March 11, 2010 21 Comments
Walmart is not the culprit, it is the symptom
Whatever else one thinks of how we live these days, it’s hard to not see it as temporary, historically anomalous, a peculiar blip in human experience. I’ve spent my whole life riding around in cars, never questioning whether the makings of tomorrow’s supper would be there waiting on the supermarket shelves, never doubting when I entered a room that the lights would go on at the flick of a switch, never worrying about my personal safety. And now hardly a moment goes by when I don’t feel tremors of massive change in these things, as though all life’s comforts and structural certainties rested on a groaning fault line. ~ James Howard Kunstler
Perhaps the most compelling argument I’ve read against Walmart is the very same argument that one hears against sprawl – namely, that it is the result of a vast network of government intervention and central planning. The very nature of Walmart is one which requires a car culture, and as we all know, the car culture would not have been possible without enormous amounts of state subsidies, draconian zoning laws, and so forth. In other words, without the highway projects, the protection of the auto industry, and the many zoning practices in place in modern America, Walmart would not exist – at least in its current form. As it stands, given our car culture, given our sprawl, Walmart acts as a benefit to many consumers.
That is the stumbling block I come back to when I consider my own distaste for Walmart. In a real free market economy, sans all the government regulations and subsidies, Walmart would not even be an issue. The many more diverse and denser places in America would not wanted or needed a Walmart to come set up shop. But given the world we have created for ourselves, what is the alternative? Can we very well deny poor people one of the only places that they can afford to buy cheap goods at? Or, more to the point, should we demonize what is quite obviously a symptom of the larger problem?
Taking a closer look at the problem, we turn once again to Austin Bramwell, who has penned a brief response to James Howard Kunstler’s take on John Stossel on the subject of sprawl. He writes,
Stossel defends suburban sprawl and accuses its opponents — like Kunstler — of forcing lifestyle choices onto others “by limiting where they can build.” The fallacy of this view has been pointed out about 100 times. For the 101st time: sprawl — an umbrella term for the pattern of development seen virtually everywhere in the United States — is not caused by the free market. It is, rather, mandated by a vast and seemingly intractable network of government regulations, from zoning laws and building codes to street design regulations. If Stossel wants to expand Americans’ lifestyle choices, he should attack the very thing he was defending, namely, suburban sprawl.
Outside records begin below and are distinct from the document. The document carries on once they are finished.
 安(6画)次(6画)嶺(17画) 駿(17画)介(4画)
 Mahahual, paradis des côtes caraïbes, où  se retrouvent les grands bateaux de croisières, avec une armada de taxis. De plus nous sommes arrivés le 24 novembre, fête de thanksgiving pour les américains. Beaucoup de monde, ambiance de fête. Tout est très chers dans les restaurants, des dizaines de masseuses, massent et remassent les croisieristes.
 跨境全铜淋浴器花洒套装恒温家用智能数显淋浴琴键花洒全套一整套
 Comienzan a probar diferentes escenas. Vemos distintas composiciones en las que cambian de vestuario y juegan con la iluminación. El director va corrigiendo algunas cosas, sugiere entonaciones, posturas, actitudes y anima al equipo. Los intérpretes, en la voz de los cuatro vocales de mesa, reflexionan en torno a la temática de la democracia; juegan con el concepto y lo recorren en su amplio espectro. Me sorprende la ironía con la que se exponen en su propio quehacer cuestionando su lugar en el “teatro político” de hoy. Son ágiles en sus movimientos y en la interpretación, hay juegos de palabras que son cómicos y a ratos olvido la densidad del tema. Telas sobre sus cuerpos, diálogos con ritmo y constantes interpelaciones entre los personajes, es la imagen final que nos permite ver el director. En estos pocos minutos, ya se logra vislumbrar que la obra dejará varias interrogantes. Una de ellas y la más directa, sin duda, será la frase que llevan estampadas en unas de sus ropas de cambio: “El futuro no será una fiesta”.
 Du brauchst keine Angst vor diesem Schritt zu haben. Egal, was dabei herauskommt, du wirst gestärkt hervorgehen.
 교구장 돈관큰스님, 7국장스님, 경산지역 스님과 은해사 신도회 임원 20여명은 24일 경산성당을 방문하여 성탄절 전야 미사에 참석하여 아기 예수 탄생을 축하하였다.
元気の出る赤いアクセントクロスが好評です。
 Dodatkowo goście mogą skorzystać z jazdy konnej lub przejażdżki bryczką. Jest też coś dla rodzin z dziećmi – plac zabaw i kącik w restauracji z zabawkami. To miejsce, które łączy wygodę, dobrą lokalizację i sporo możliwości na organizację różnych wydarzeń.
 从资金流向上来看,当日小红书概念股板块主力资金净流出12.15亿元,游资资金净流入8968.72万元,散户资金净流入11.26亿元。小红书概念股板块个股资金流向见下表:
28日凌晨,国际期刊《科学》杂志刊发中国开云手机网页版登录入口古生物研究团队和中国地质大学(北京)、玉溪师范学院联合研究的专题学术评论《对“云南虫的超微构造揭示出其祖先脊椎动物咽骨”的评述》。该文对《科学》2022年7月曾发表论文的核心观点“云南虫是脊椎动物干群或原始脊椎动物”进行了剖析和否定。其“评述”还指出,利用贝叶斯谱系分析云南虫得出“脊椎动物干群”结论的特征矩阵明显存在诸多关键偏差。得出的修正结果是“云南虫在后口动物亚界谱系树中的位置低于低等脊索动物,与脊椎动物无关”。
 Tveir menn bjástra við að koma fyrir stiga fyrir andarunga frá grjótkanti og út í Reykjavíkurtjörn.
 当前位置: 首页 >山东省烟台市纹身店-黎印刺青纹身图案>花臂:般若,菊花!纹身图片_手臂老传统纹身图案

It’s odd that self-described libertarians such as Stossel are so slow to grasp that government planning makes sprawl ubiquitous. You would think that libertarians would instinctively grasp the deeply statist nature of suburban development. First of all, with a depressingly few exceptions, virtually every town in America looks the same. That is, it has the same landscape of arterial roads, strip malls, and residential subdivisions, accessibly only by car. Surely, given America’s celebrated diversity, you would also see a diversity of places. As it turns out, all but a few people live the same suburban lifestyle. Government, as libertarian assumptions would predict, is the culprit.
Second, the few places in America that have a distinctive character are also exceedingly expensive. John Stossel himself admits to living in an apartment and walking to work most days. Now, I don’t know where exactly Mr. Stossel lives, but it sounds as if he lives in Manhattan, where residential space costs over $1000 a square foot (that means a two-bedroom apartment where a family of four could fit costs at least $1.5 million). If Mr. Stossel’s lifestyle, as he puts it, is less popular than the suburban lifestyle, then why does his cost so much more? He apparently never asks himself the question. Had he done so, he might have discovered that government artificially restricts the supply of Manhattan-like places but artificially increases the supply of sprawl. That’s the reason Americans “prefer” to live in the suburbs. They don’t have a choice.
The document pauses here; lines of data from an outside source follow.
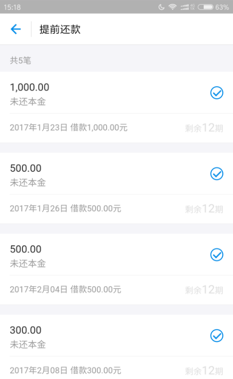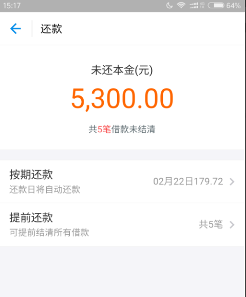 3、点击蚂蚁借呗左下角“去还钱”,就会显示未还本金的金额。用户可选择“提前还款”或者“按期还款”两种方式。
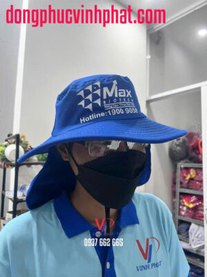 Nón tai bèo xanh phủ vành che nắng in logo Max Biotech có kiểu dáng theo dạng vành tròn lớn và phần vải che phía sau bao quanh có tác dụng che nắng và gió bụi vô cùng tốt. Nón còn được thiết kế thêm dây đeo để trong quá trình hoạt động nón sẽ không bị rơi ra ngoài.
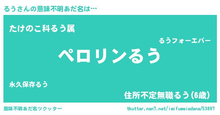 | 男性向けラノベタイトル風あだ名 | 『るうの憂鬱』『はたらくるうさま!』 |
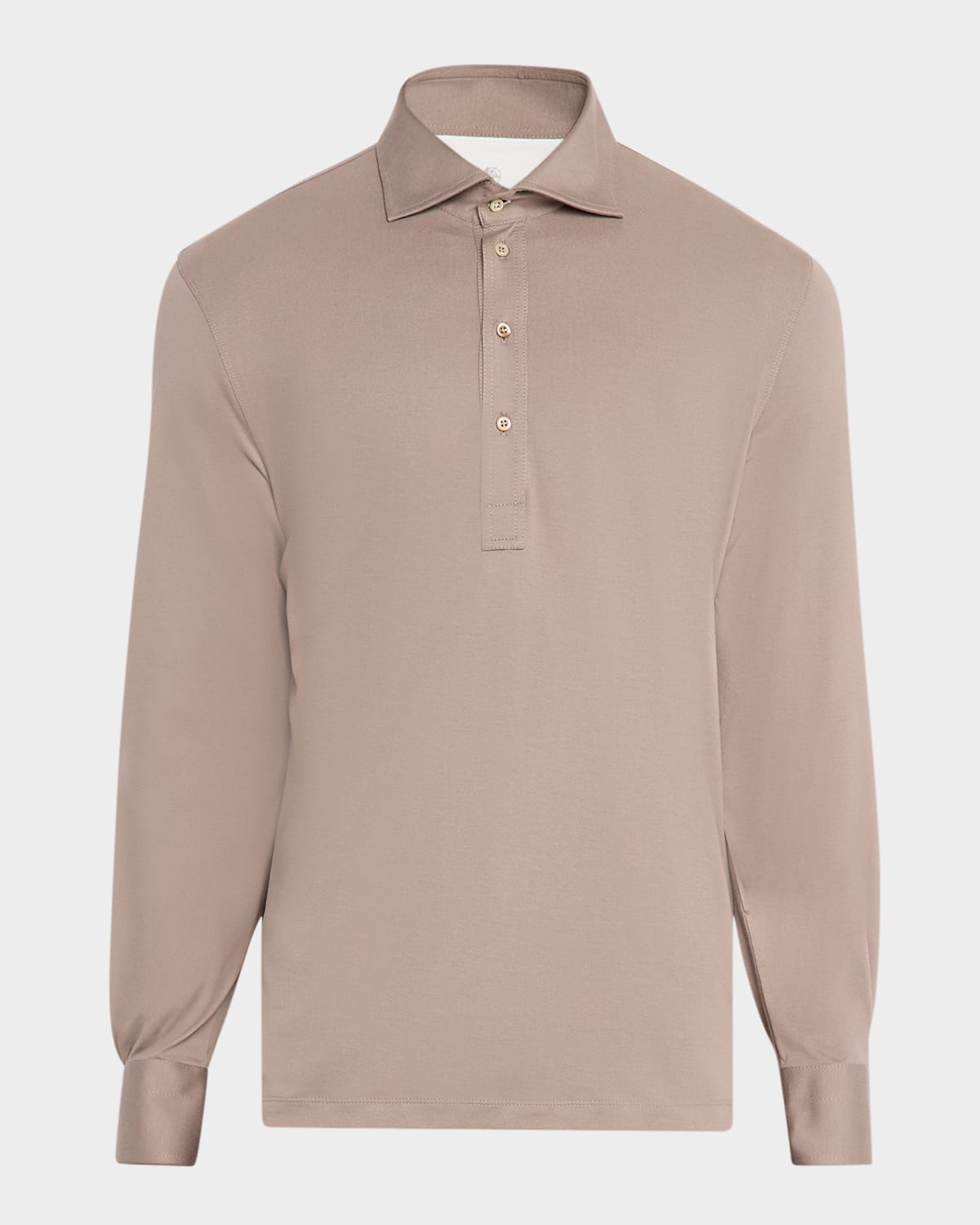 - Brunello Cucinelli polo shirt in breathable cotton for all-day wear - Spread collar - Four-button placket - Long sleeves - Round barrel cuffs - Vented sides - Pullover style - Cotton - Unlined - Machine wash line dry - Made in Italy
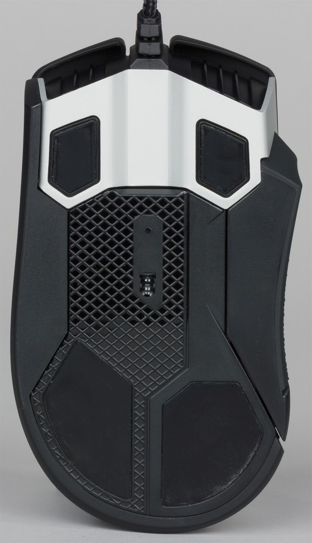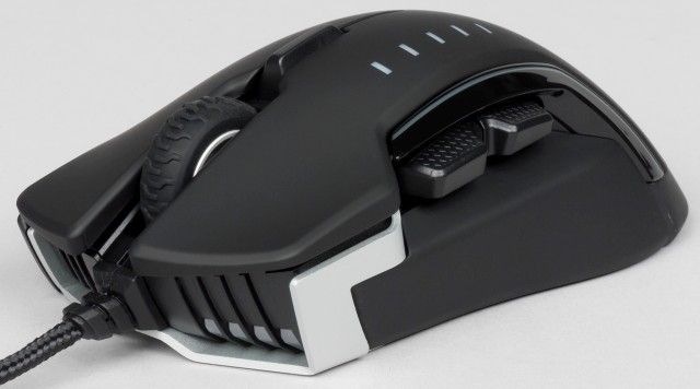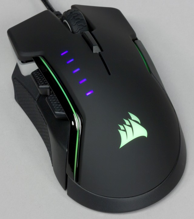 На ближайшей к пользователю части манипулятора размещён логотип Corsair, который при подключении Glaive RGB к ПК начинает светиться разными цветами радуги. Чуть выше находится кнопка переключения профилей. Всего их пять, а индикатором выбранного профиля являются светодиоды синего цвета, которые находятся слева от этой кнопки. Подсвеченное число индикаторов соответствует номеру выбранного профиля. Ещё левее индикаторов по краю мышки, на границе со съёмной панелью расположен тонкий вырез, прикрытый полупрозрачным пластиком, который, как и логотип, подсвечивается разными цветами при подключении к ПК. Такой штрих от дизайнера выглядит элегантно.
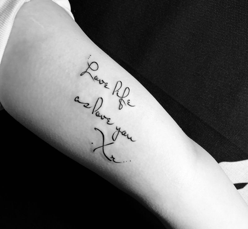 当前位置: 首页 >贵州省遵义市纹身店-墨尘刺青处纹身图案>Lovers tattoo纹身图片_手臂花体字纹身图案
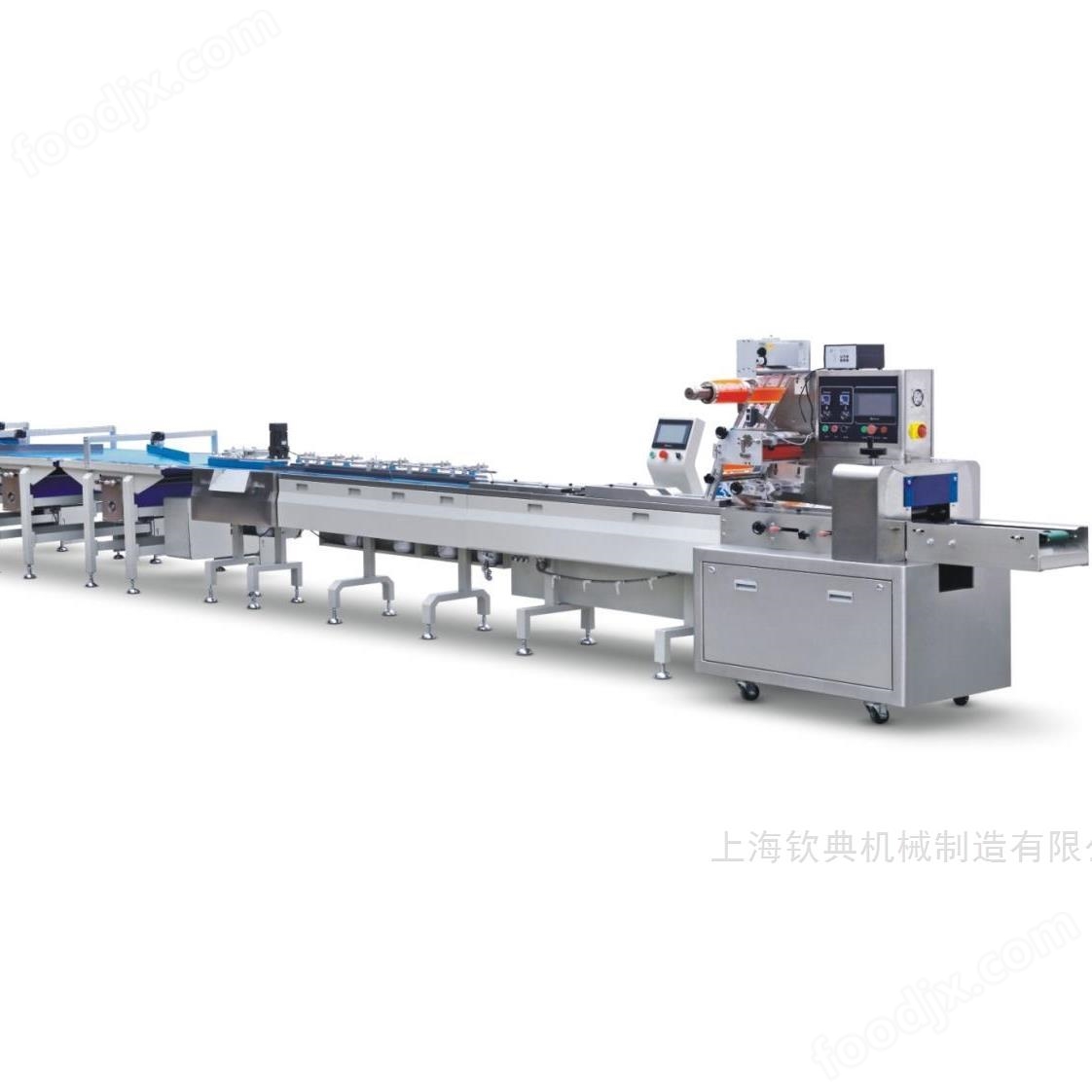 目錄:上海欽典機械制造有限公司>>枕式包裝機>>全自動枕式包裝機>> QD-450W全自動大型拖盒食品伺服往復式枕式包裝機

At this point ‘choice’ becomes a very tricky thing indeed. Now that we’ve been, essentially, pushed into the suburbs – where cars and big boxes are simply a matter of life – what should we do about it? Should we choose somehow to limit the existence of these big boxes? Would this help us in our addiction to vehicular transport? Many of the restored walkable communities around the country are either prohibitively expensive or Disney-fied versions of the America that once was. Those who benefit the most from Walmart and its big box counterparts in this sprawling world of ours are also the poorest among us. Would they benefit, also, from some other world? I think so – but getting there is fraught with danger.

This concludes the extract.